One is a Logitech C920 webcam, and the other is an EasyN FS-613A-M136 IP cam.

I originally bought the EasyN camera because it seemed like a cheap, viable solution at the time...especially seeing that it had night vision. However the stupid thing's been giving me nothing but trouble. For one (and this was due to my own ignorance and lack of fact checking I'll admit), its night vision is useless to me because I have it behind glass and all it records at night is a massive bright ring reflection of itself unless I put tape over the LED lights and have it angled in a way that ends up not suiting my purposes for it anyway. 

That's not the worst part, though. Whether or not the camera actually gets detected after I boot my computer up has been a roll of the dice since I got it. I constantly have to unplug the camera and plug it back in just to get it to work, and even that's not a sure thing. Lately I've just given up if the camera doesn't get picked up on my network on startup. I only got it working tonight by sheer luck, I was watching a movie and I got an IP address conflict popup, so I figured I'd check and see if it picked up...and it did. Who knows how. I went into the camera's Search IP Address software and changed its IP to 192.168.2.7 instead of its default 192.168.2.2. Hopefully that'll solve the conflict problem and let it get picked up on the network without fail. Time will tell.

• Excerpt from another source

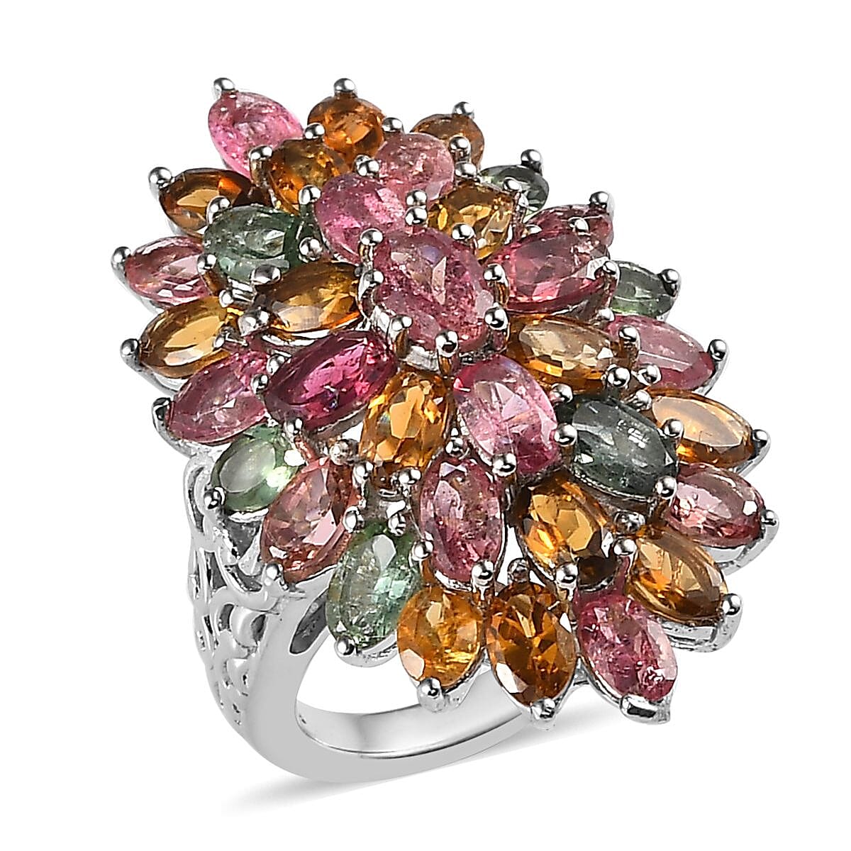 Multi-Tourmaline Floral Spray Ring in Platinum Over Sterling Silver (Size 6.0) 7.25 ctw

A few months after frustration with that camera, I decided to give it another go and shelled out more cash on a webcam of higher quality for the same purpose. I went the webcam route to bypass any issues like the network fiasco I experienced with my first one. Fantastic camera. Problem is... no night vision. I did find a tutorial for modding it by getting in there and breaking the IR filter but I'm having good luck with this thing so far and I don't want to turn it into a $90 paperweight.

TL;DR Basically, I'm looking for a way to get video recording of outside my apartment, at night as well as during the day, from behind my window or a screen, at a quality good enough to at least distinguish faces. Is there any possible way I can achieve this with what I currently have? If I really do need to, I'll shell out yet some more cash for the proper camera and/or equipment, but I'd rather it be under the $100 range.

Suggestions would be GREATLY appreciated.


----------



## Basementgeek (Feb 7, 2005)

You need a outside camera. They do make WiFi outside cameras that can also be used at night. Cameras with night vision are going to limited range, like about 20 feet or so.

Really hard to mount behind glass, the lens has to be touching the window glass.

BG


----------



## Basementgeek (Feb 7, 2005)

Added:

Regardless of what outside camera you get, it needs to be wired some, got to get power to it.

BG


----------